Por publicar, segundo os principais estudiosos de Luzia, ficaram as memórias e a volumosa correspondência cuja localização importaria apurar tendo em vista a sua edição, sobretudo, o livro que se encontrava pronto, intitulado “Pelos Caminhos da Vida, Jornal I” (José Martins dos Santos Conde, “Luzia, o Eça de Queiroz de Saias”, Portalegre: Edição de autor, 1990; Cláudia Sofia Silva Neves, “O Reino Encantado de Luzia: A Crónica da Vivência e a Eterna Busca do ‘Eu’”, Lisboa: CLEPUL, 2017).
A IRREVERÊNCIA DE LUZIA
Autora de uma série de livros de forte sentido autobiográfico, Luzia casou-se muito jovem, na Madeira, mas divorciou-se, em novembro de 1911, de um marido que a maltratava. “Seulette, seulette, sans compagnon ni maître...”, como escreveu nas suas memórias inéditas. Desde, então, dividiu-se em viagens pela Europa; a frequência de salões literários, onde primava pela elegância, como aquele que manteve, em Lisboa, a Santa Catarina, Maria Amália Vaz de Carvalho; e uma extrema solidão que, talvez, explique o carácter introspetivo da sua obra, associada a uma saúde débil.
Augusto de Castro chamou-lhe o “Eça de saias”, devido à sua capacidade para observar e ironizar sobre os usos e costumes de Lisboa (“Diário de Notícias”, 13-12-1956). Ou, como ela própria, se definiu: “espectadora das comédias do mundo”, sobretudo da sociedade da mais alta-roda que frequentou em Lisboa, Funchal e Portalegre (“Dias Que Já La Vão”, Porto: Livraria Tavares Martins, 1946, p. 239; “Cartas do Campo e da Cidade”, Lisboa: Portugália, 1923).

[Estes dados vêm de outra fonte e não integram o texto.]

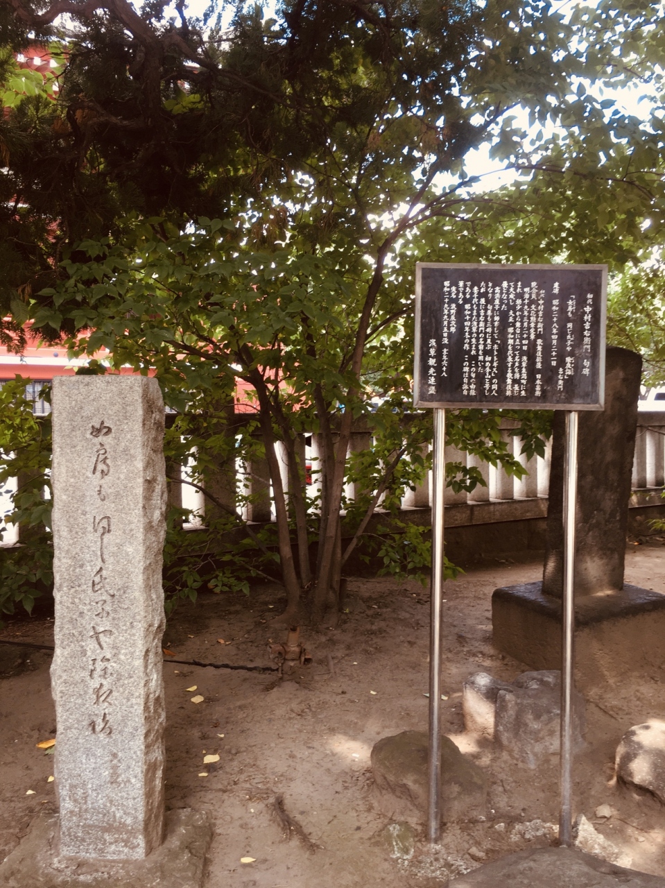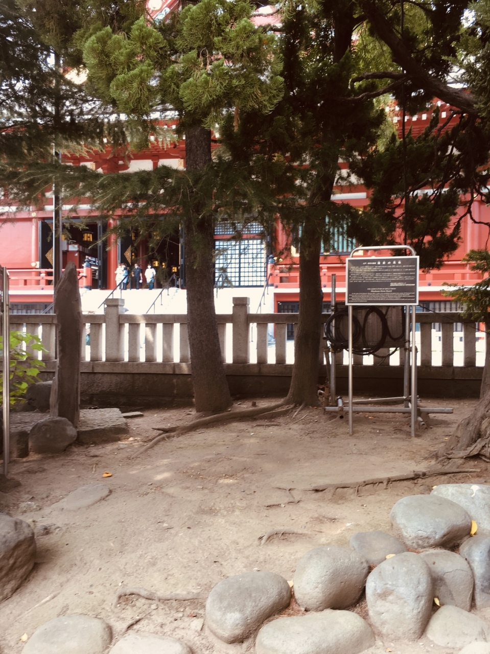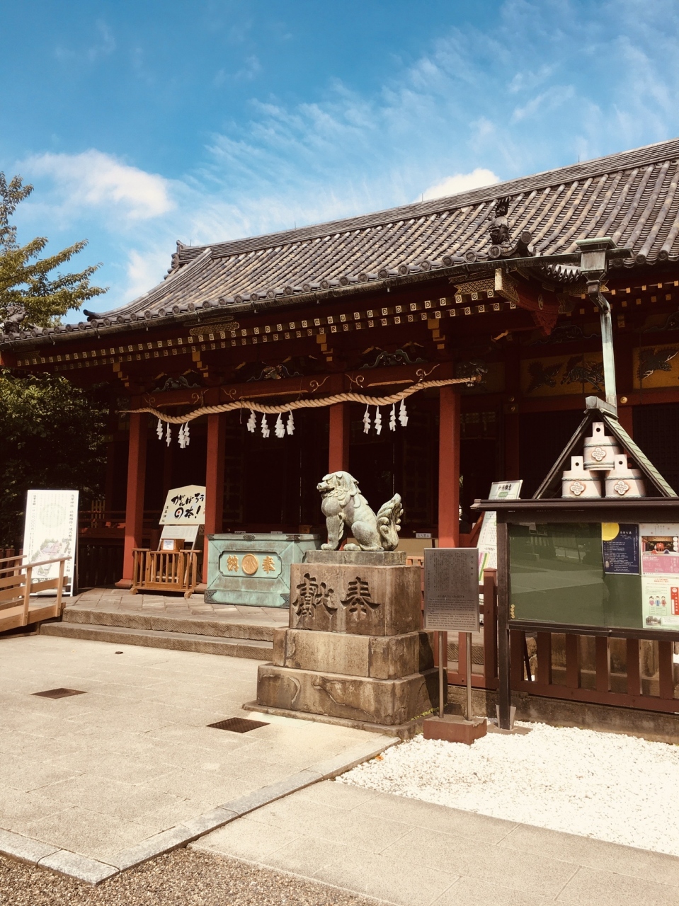 浅草寺内にある神社で、鳥を潜ると左右に石碑等があり木々に囲まれていたので涼しげな場所でした。中央部分は空間になっていて、手水場から出ている水は龍の嘴から出ていました。赤い社殿の前の獅子の像が怖い顔をしていました。

O seu feminismo assumiu contornos próprios. Como escreveu, em forma de carta: “Tu bem o sabes, eu não suporto aquelas escritoras de quem se diz: têm a inteligência viril, escrevem como um homem... Com esta minha perigosa mania de evocação, oiço-lhes logo a voz grossa, vejo-as de peitilho de goma, colarinho alto, bengala e cachimbo” (“Cartas do Campo e da Cidade”, p. 195). Em “Cartas d’uma Vagabunda”, Luzia assumiu, ainda, a sua atitude irreverente, quando escreveu que “por distração e... talvez por um bocadinho de implicação também, faço sempre o contrário do que o código elegante manda fazer”. E, num dos seus últimos livros, “Última Rosa de Verão (cartas de mulheres)”, de 1940, Luzia meteu-se na pele de Ana Guiomar, a quem fora atribuída a tarefa de educar Nuno, primo de uma amiga e com metade da sua idade. Apesar das diferenças, educadora e educando apaixonaram-se, num quadro que é o do amor impossível. A irreverência estava, precisamente, no direito à paixão por parte da mulher mais velha, que quer fugir às convenções.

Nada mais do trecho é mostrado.